While the pooled data collected from feces under the roosts cannot be associated with individual bats, data collected from individual bats during catching sessions can provide additional information on how age and species impact prevalence dynamics. From the individual samples the age and species of the bats were recorded. Using individual samples only we fit a dynamic binary regression model using the model specified in Eqs. 1–3; however, with pools of size one this reduces to the standard logistic regression framework coupled with a time-varying term from the GP. With this model framework, differences in prevalence dynamics can be explored across age, sex, and species for each coronavirus clade and evaluated using LOOIC.

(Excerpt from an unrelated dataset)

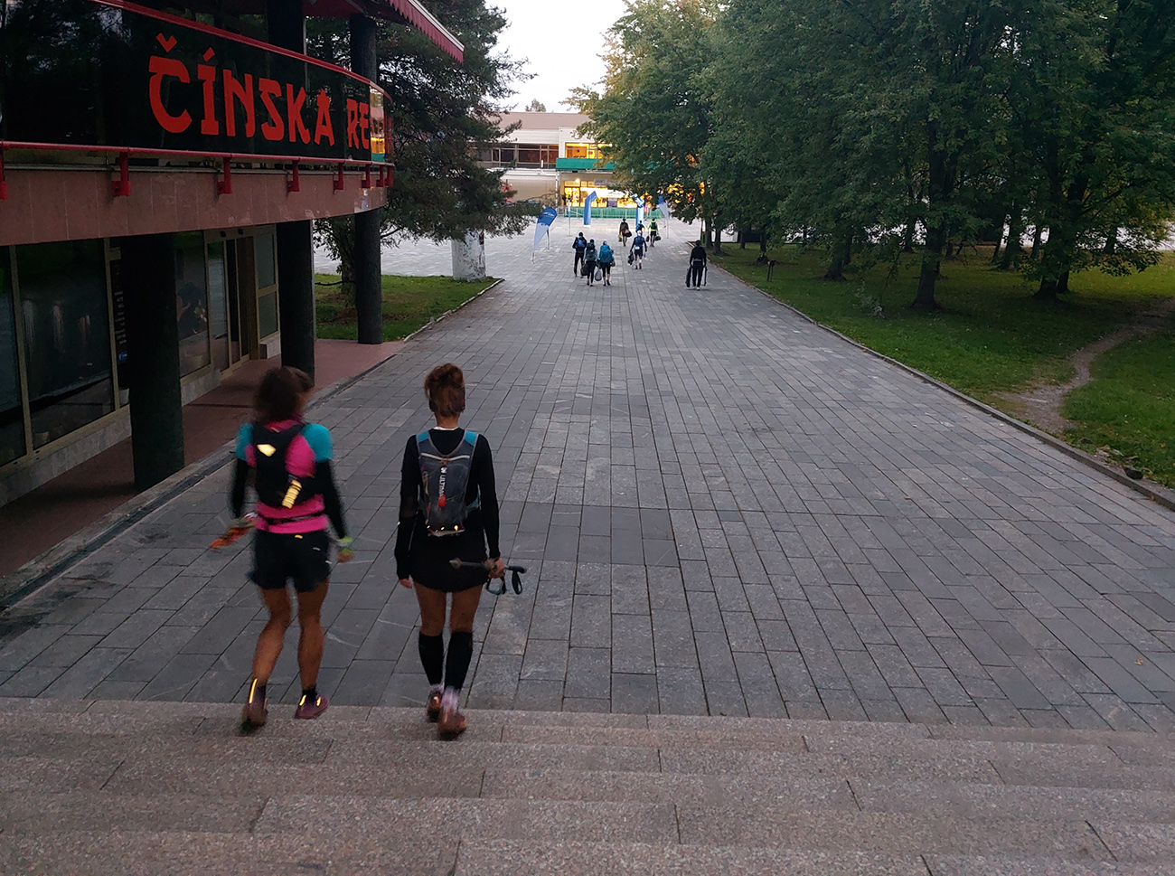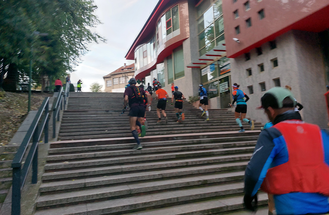 Potom o siedmej teda už šprint cez tie nové schody, ale dosť široké, aby sa na ne zmestili všetci pohodlne. Tie nasledujúce už sú užšie, ale to už sa tvoril had a von zo sídliska, na úvodnom hlinenom singlíku, už si hádam každý išiel svoje tempo. Vpredu sa asi aj kvôli chladu išli bomby poriadne, žiadna pohodová rozklusávačka ako na nedávnej Hriňovskej. Alebo sa to len mojim neokysličeným nohám zdalo? Každopádne ani som sa radšej nesnažil nadbehnúť si, pretekové kone som si odfotil len v štartovej bráne:

Association across viral clades

To assess potential co-infection, or statistical associations, between viral clades and bat age classes, we performed a chi-squared test of association. For this test we used only the results from individual bats. We aimed to understand whether an individual flying fox is more likely to be infected with two coronavirus clades if it was already infected with one clade. This analysis can indicate potential co-infection associations. Following this initial step, we estimated the conditional probabilities of individual bats testing positive for a specific viral clade given that they were positive for another one. The combination of these two approaches allowed us to discuss the potential for co-infections and interactions between pairs of viral clades.